Crucially, PhASE-Flow attains these results using only four ODE sampling steps, dramatically improving inference efficiency compared to diffusion-based approaches requiring lengthy iterative sampling.

Implications and Future Directions

PhASE-Flow demonstrates the practical advantage of generative modeling within the SSL representation domain, aligning semantic and acoustic spaces for structured speech enhancement. The results underscore the efficacy of FM applied to SSL features, bridging existing gaps between perceptual quality, speaker similarity, and linguistic fidelity. This approach mitigates the prevalent hallucination artifacts of generative paradigms and drastically reduces inference latency.
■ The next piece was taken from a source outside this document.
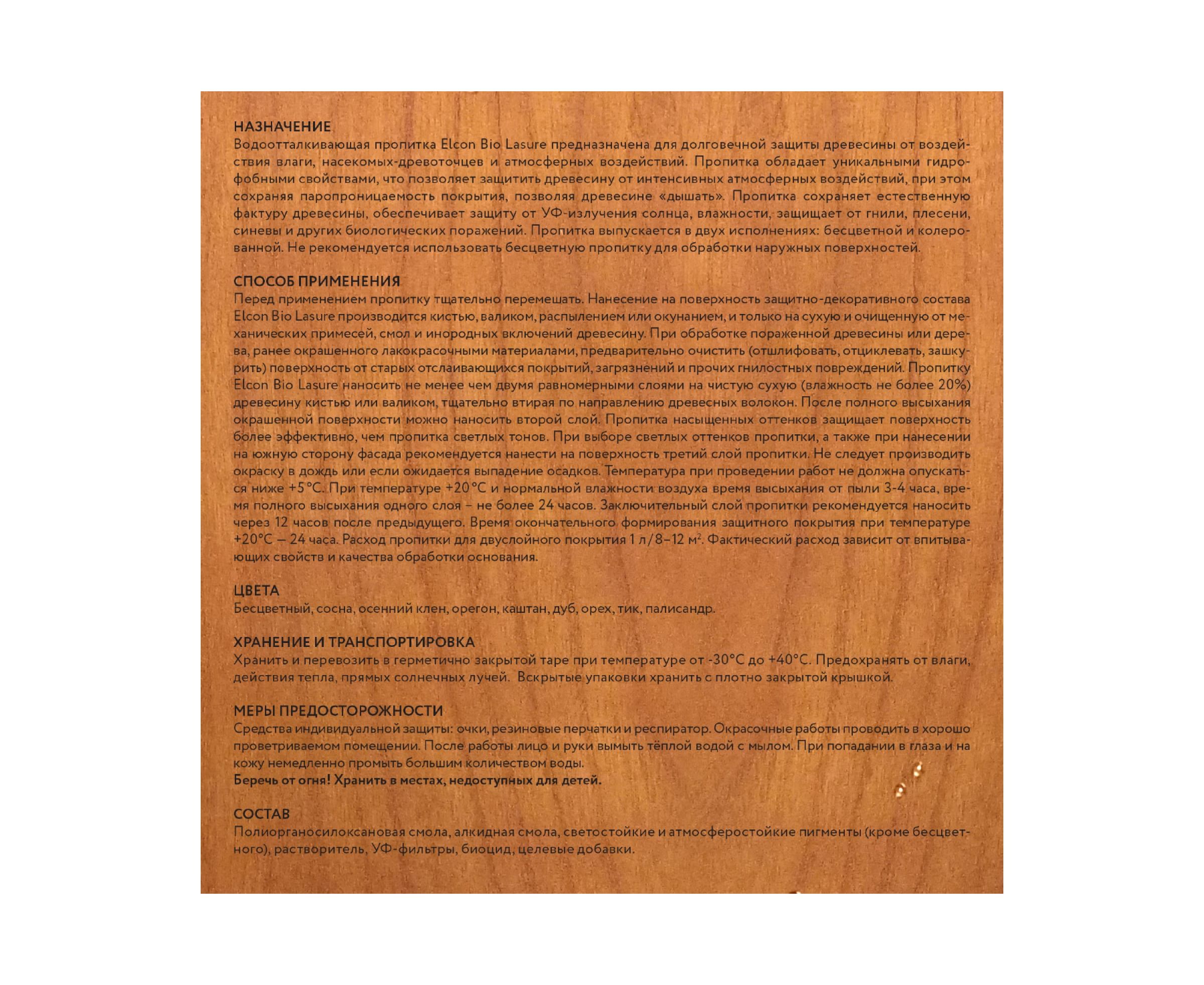 Водоотталкивающая пропитка для защиты дерева до 15 лет, антисептик для дерева, Elcon Bio Lasure осенний клен 2 л, 00-00461949 предназначена для защиты древесины от гниения, плесени, насекомых-древоточцев и атмосферного воздействия. Обладает уникальными водоотталкивающими и паропроницаемыми свойствами. Пропитка содержит двойной УФ-фильтр, что обеспечивает наивысшую степень защиты от УФ-излучения солнца.
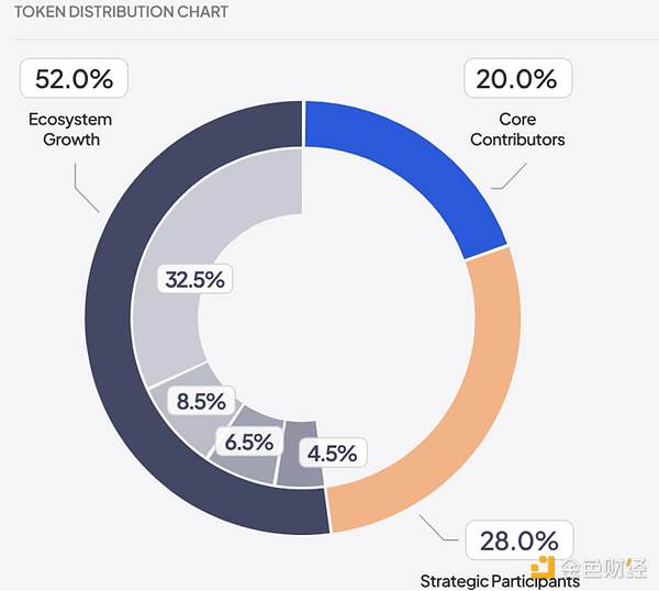 52% 的代币用于生态系统增长,20% 的代币给核心贡献者(第一年无解锁,之后两年线性解锁),28% 给战略合作伙伴(顶级风投和做市商,第一年无解锁,之后两年线性解锁)。

Theoretically, this framework sets a precedent for leveraging hierarchical SSL embeddings as principal modeling substrates for generative audio processing. Practically, its efficiency and robustness position PhASE-Flow for deployment in real-time speech enhancement systems and extension to broader speech tasks, such as separation, restoration, and multimodal generation. As SSL models and generative transport frameworks evolve, further optimization and adaptation can be anticipated for low-latency, high-fidelity speech technologies.

Conclusion

PhASE-Flow introduces a fundamentally novel SE paradigm wherein flow matching operates exclusively within the SSL representation domain, specifically modeling acoustic representations conditioned on phonetic context. The method achieves superior perceptual quality, speaker similarity, and linguistic integrity with minimal computational overhead. Its contributions delineate a clear advantage for hierarchical SSL representation modeling, offering both theoretical refinement and formidable practical gains in generative speech enhancement (2606.17806).